La deuxième évidence est celle de la capacité du « centre » pour faire passer les pires politiques, combines et manipulations au nom de la « raison », du « consensus », de la « bonne gestion », de l’ « entente nationale »... L’oligarchie financière de la fin du XIX siècle a confié la mise en œuvre de l’impérialisme protectionniste au « centre gauche » plutôt qu’aux libéraux, dont les réticences envers cette politique étaient bien connues, ou aux conservateurs, parmi lesquels militaient des propriétaires agricoles hostiles à toute politique de confrontation avec le client riche qu’était l’Allemagne. On ne peut pas sérieusement douter du bien-fondé de ce choix des milieux d’affaires, car personne d’autre n’aurait pu « placer » un discours comme celui de Jules Ferry du 28 juillet 1885.

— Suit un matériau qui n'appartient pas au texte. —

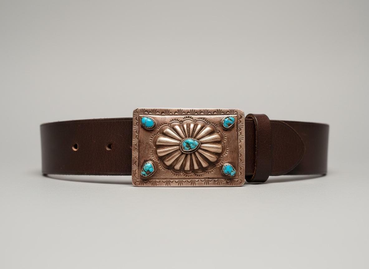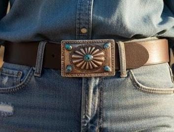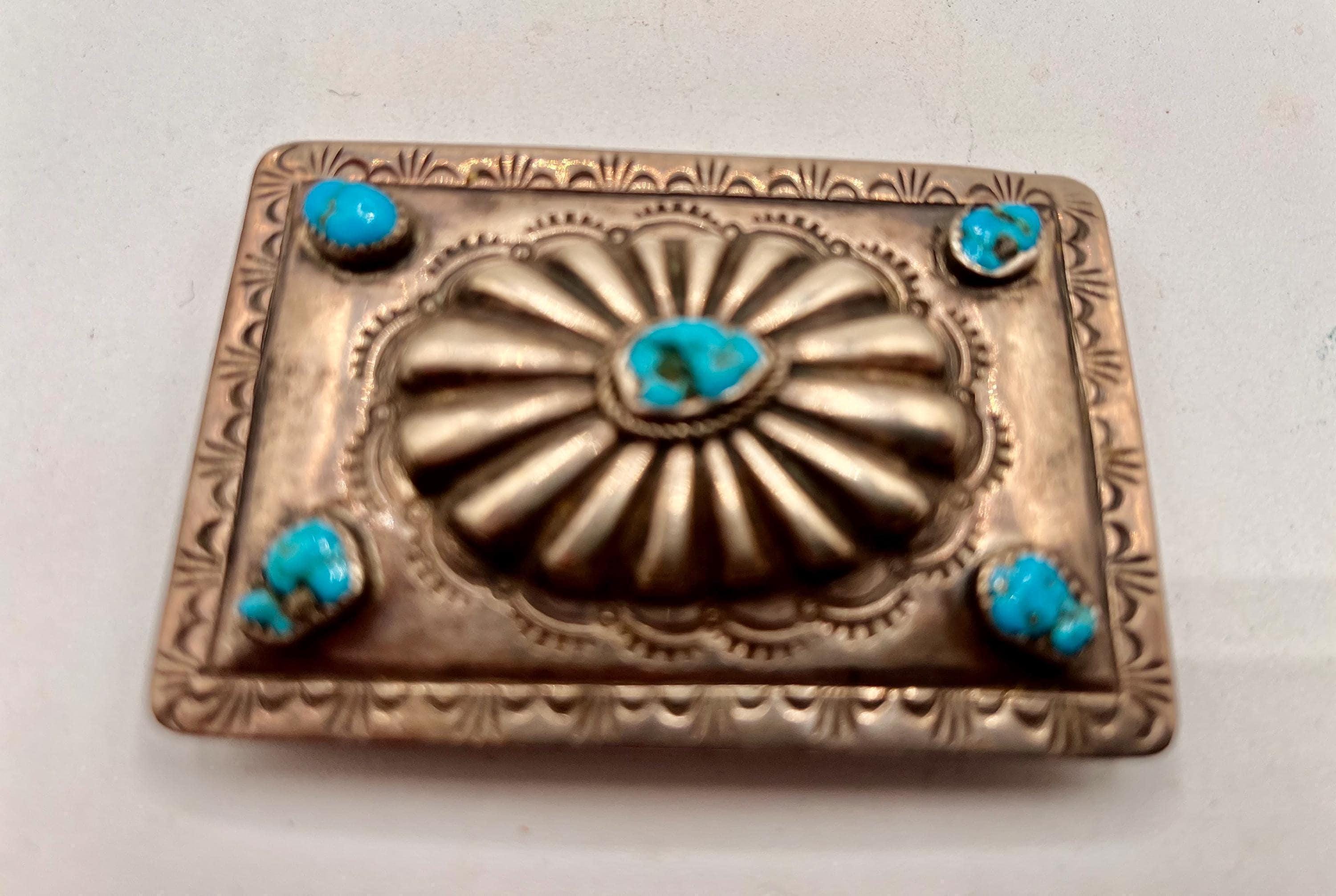 This stunning Southwestern turquoise and sterling silver belt buckle features an intricate design with a large cabochon in the center surrounded by four turquoise nuggets as well as one in the center. This piece pairs beautifully with a supple saddle leather belt available in rich British tan, dark brown, or black hues. Each buckle is a testament to decades of Southwestern artistry and meticulous handmade craftsmanship.
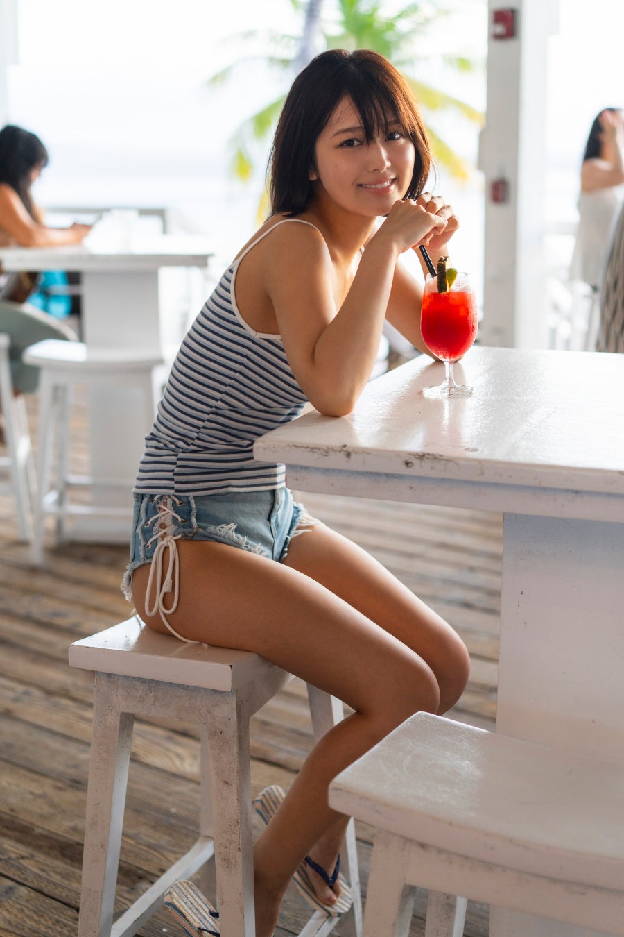 人生初のグアムでした! グラビア撮影で海外に行くのも今回が初めてだったので、全てが新鮮でとても楽しく撮影できました! それに、外での撮影の時に通りすがりの現地のおじさんが「Beautiful girl!」って声をかけてくれたり、撮影している様子を車を停めて見てくれたりする方がいて現地ではモテモテでした! とてもいい気持ちで撮影できました! 私、グアムでモテるかもしれません!
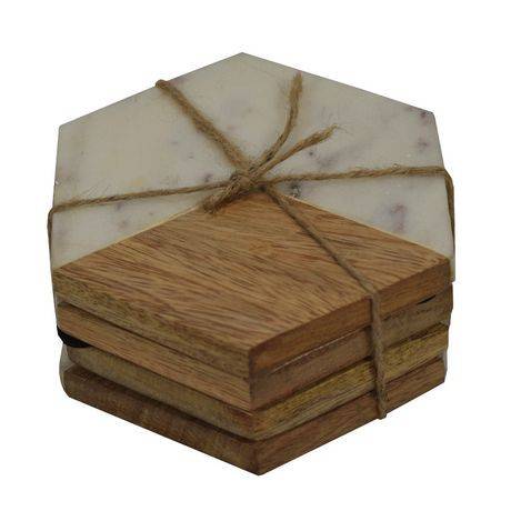 Hometrends Wood and Marble Coaster Set
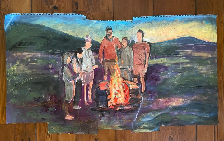 When my you youngest child got home today, she applauded my efforts. Then she asked why Noah, my oldest, looked like a robot. “Well, I was looking at a photo, and that is how he was standing?” Was my reply. Feeling free, I ripped his part of the painting off and reattached it. I can’t tell you how satisfying it is to work like this!!!!
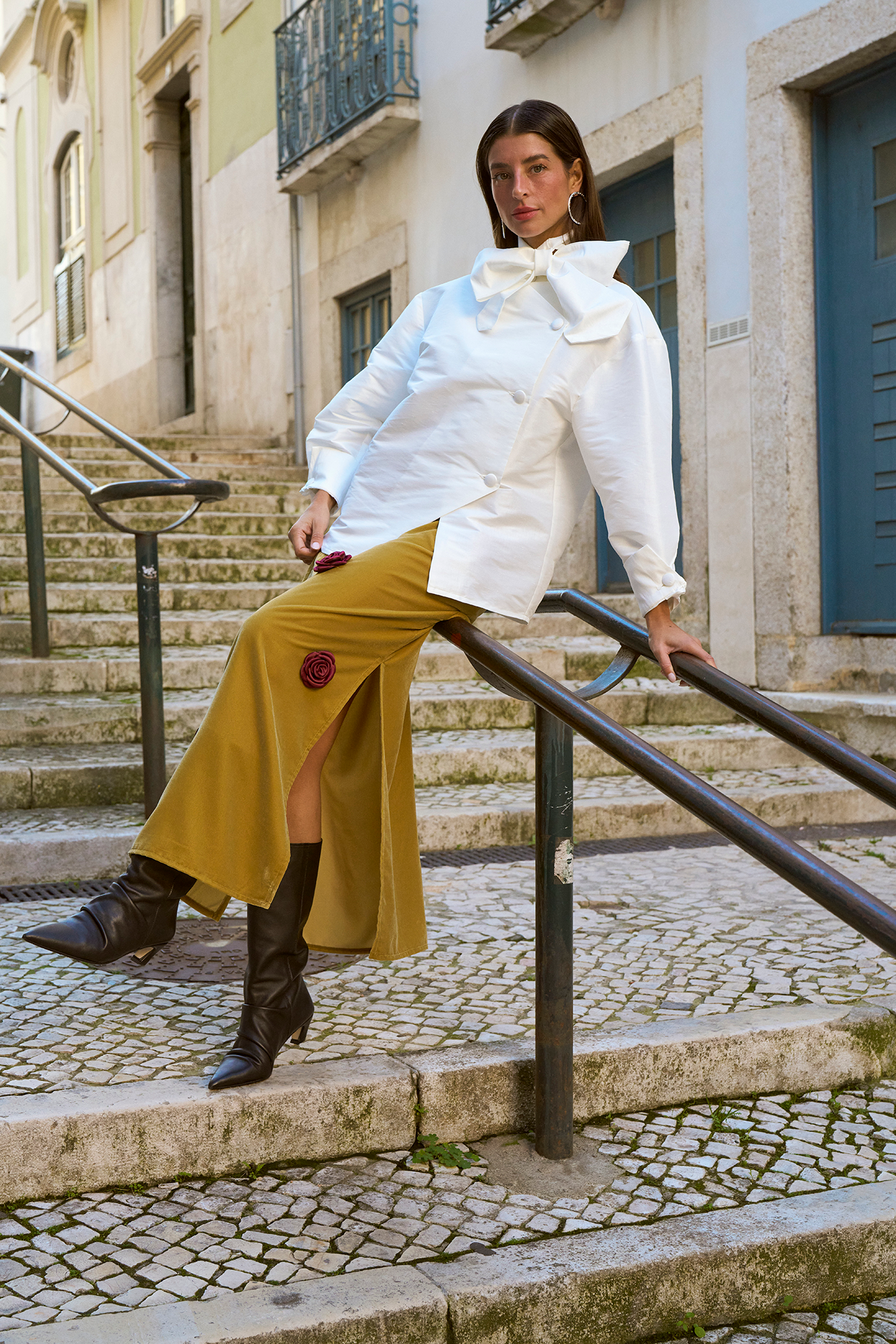 Feminina e fluída, esta saia em veludo fica bem com a camisa HATTER.
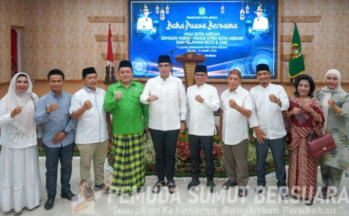 Suasana hangat menyelimuti acara buka puasa bersama Wali Kota Medan, Rico Tri Putra Bayu Waas dengan relawan Rico & Zaki, Partai dan Fraksi DPRD kota Medan di Gedung PKK Kota Medan, Selasa (10/03/2026).
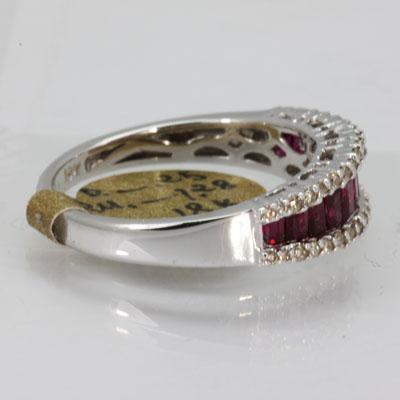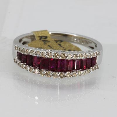 Gemstone: Ruby ; Gemstone Weight: 1.28 ; Diamond Count: 38RD ; Diamond Weight: 0.25; Metal Purity: 18KT ; Metal: White Gold ; Ring Size: 6.5

Au point que, de nos jours, Jules Ferry passe pour un grand réformateur et on peut même lire son nom sur des banderoles syndicales. Mais ses réformes n’étaient-elles pas intéressées et conformes à la stratégie de l’oligarchie ? D’une part, pour garantir l’efficacité d’un appareil militaire et colonial qui ne pouvait pas fonctionner avec des illettrés. De l’autre, pour répandre un sentiment nationaliste propice à l’entreprise coloniale dans un premier temps et, à terme si nécessaire, à une nouvelle guerre avec l’Allemagne. Une guerre qui a bien fini par éclater en 1914.

Enfin, que signifient les références à la « nation » dans un système social dominé par la grande finance et les multinationales ? La première guerre mondiale a été partout présentée aux populations comme une « défense de la patrie (ou d’un allié) contre l’envahisseur », alors qu’il s’agissait en réalité d’un conflit entre grands capitalistes pour le contrôle des colonies et l’hégémonie mondiale. Aujourd’hui, c’est l’euronationalisme qui convient aux intérêts des milieux financiers. Le reste relève de la pure gesticulation, pour montrer que l’ « Europe politique » n’est pas incompatible avec le bon vieux nationalisme du lobby colonial « français ». C’est vrai que la première prendra la relève du dernier dans le redéploiement des moyens de domination de l’impérialisme à l’échelle mondiale. Voir, à ce sujet, mon article du 25 mars intitulé « Après les présidentielles françaises, mine de rien, l’ « Europe militaire » (1) ». L’échec des interventions des Etats-Unis en Afghanistan et en Irak joue en faveur de la stratégie préconisée par la Commission Trilatérale tendant à la mise en place d’une triple gendarmerie mondiale : Amérique du Nord, Europe et « Asie », cette dernière composante étant la plus difficile à définir. Il est devenu très urgent, pour la grande finance mondiale, de créer un Etat européen et d’en faire une superpuissance militaire capable d’aider efficacement la superpuissance américaine. L’idéologie et la propagande nationalistes doivent donc, dans la période actuelle, être orientées en direction de la « grande Europe ».